While Indonesia has taken its fight against corruption to the classroom level, it is time India, too, could adopt similar strategy to get rid of corrupt practices prevalent in the official environment. In a significant step, this South East Asian country has introduced a novel technique against corruption: introduced anti-corruption classes in the school curriculum. In comparison to India’s rank of 85, Indonesia ranks 126 on Transparency International's Global Corruption Index 2008, which is far behind India.
In practice, corruption has been a loose talk in various circles, or in the form of academic discussion or legislation to fight it whose regulators are corrupt. Though corruption is as old as human civilization, it never became a part of school curriculum in India. The last time I checked the NCERT book and found ‘corruption’ as word mention in a chapter in class IX, “Democracy in the Contemporary World” in which we have mention of the corrupt practices of Augusto Pinochet, the Chilean dictator and how he usurped the elected government of President Salvador Allende in a military coup in 1973. However, no book on social sciences in Indian curriculum discusses corruption as separate chapter.

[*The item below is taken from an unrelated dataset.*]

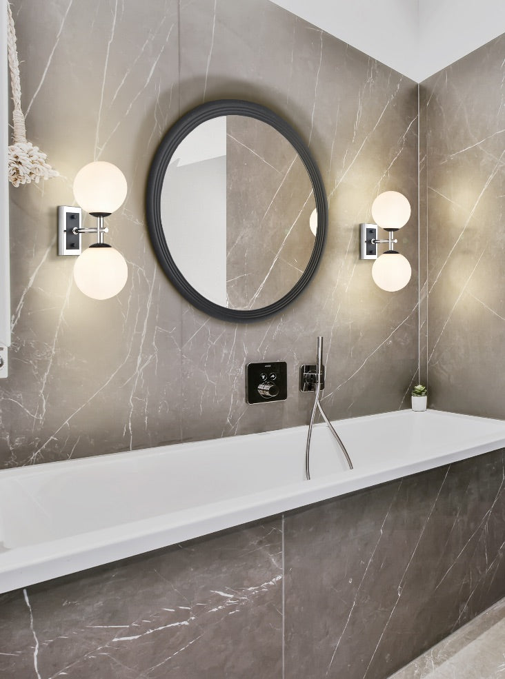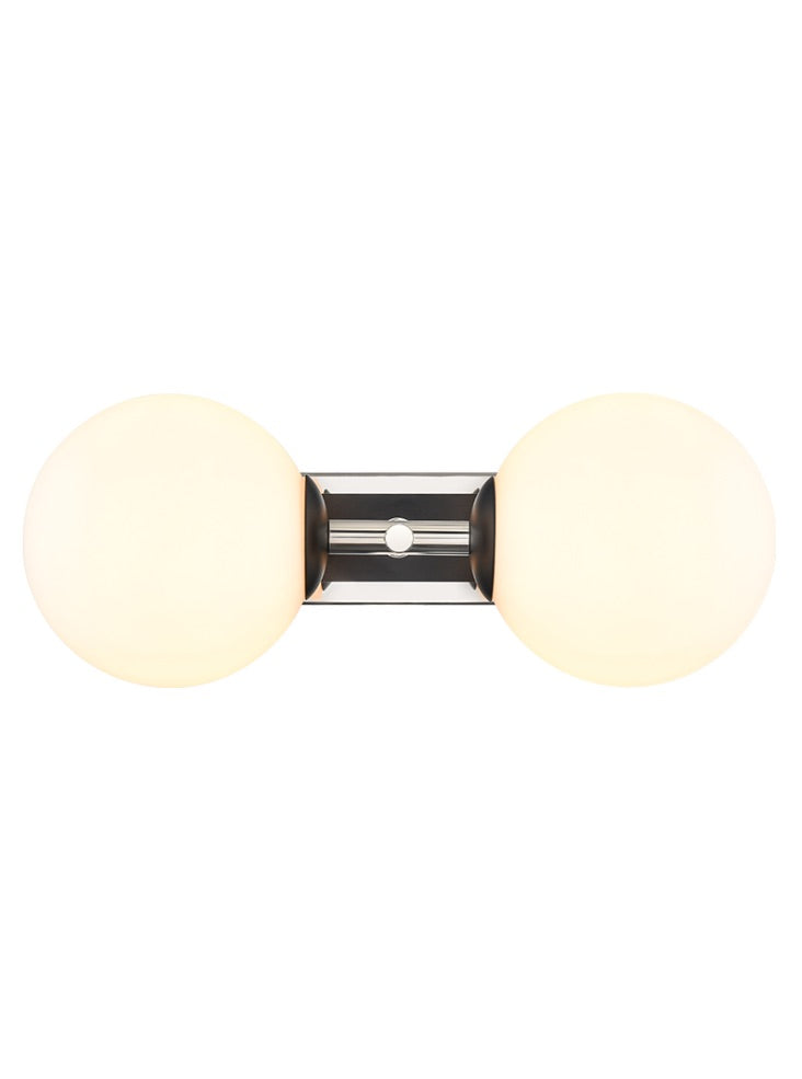 Double wall light in matt black and polished nickel with opal glasses. This versatile range comprises four colours and two designs of sphere glasses.

While the countries in the South East Asian countries such as China, Cambodia, Vietnam, the Philippines, South Korea, Poland, Ukraine and Nigeria are some of the countries have introduced anti-corruption classes, India needs to moot the idea urgently. These countries have focused on young students to take lessons on anti-graft and 'honest education' theory and practice in the school curriculum. In fact, India could follow the Indonesian example that has started anti-corruption school at Jakarta's new Pangeran Diponegoro, which aims to discourage graft by offering extra-curricular classes on nationalism, humanity, democracy and social justice.
If we look at our response to malpractices, we find that there is a high level of tolerance towards corruption in India. Scandals are normal happenings in this country, and we are perhaps so habitual that it does not shock us any more. Everyone in India likes to pay or accept speed money for speedy work. A 2005 study conducted by the Universities of Auckland and Melbourne on attitudes towards corruption in Australia, India and Indonesia, revealed that Indians exhibit a higher tolerance towards corruption than Australians; Indonesians were found to have the same attitude to corruption as Australians. It is not that we don’t have laws and commissions to tackle corruption but are they enough?
Corruption has become a way of life in Indian society: whether adulteration in oil, selling cheap cloth as expensive one, or paying bribe for petty work to getting vehicle license, registration of land, fake drugs, the list is endless. Now we have fake currency notes in circulation and it is a very difficult task to catch the real culprits. How things will be corrected then?
But we a silver lining among dark clouds as well. St Joseph's School in Darjeeling, for example, has been awarding a certificate of merit on of honesty to students who desist from cheating. And from cheating in initial stage of life begins the long saga of corruption. One of reasons why corruption thrives is the fact that honest people are not awarded or recognized. Hence, raising the 'honesty bar' should be given another dimension in government and private schools across the country.
Perhaps it is time for a well thought-out Indian syllabus to teach Gen Next about the evils of corruption.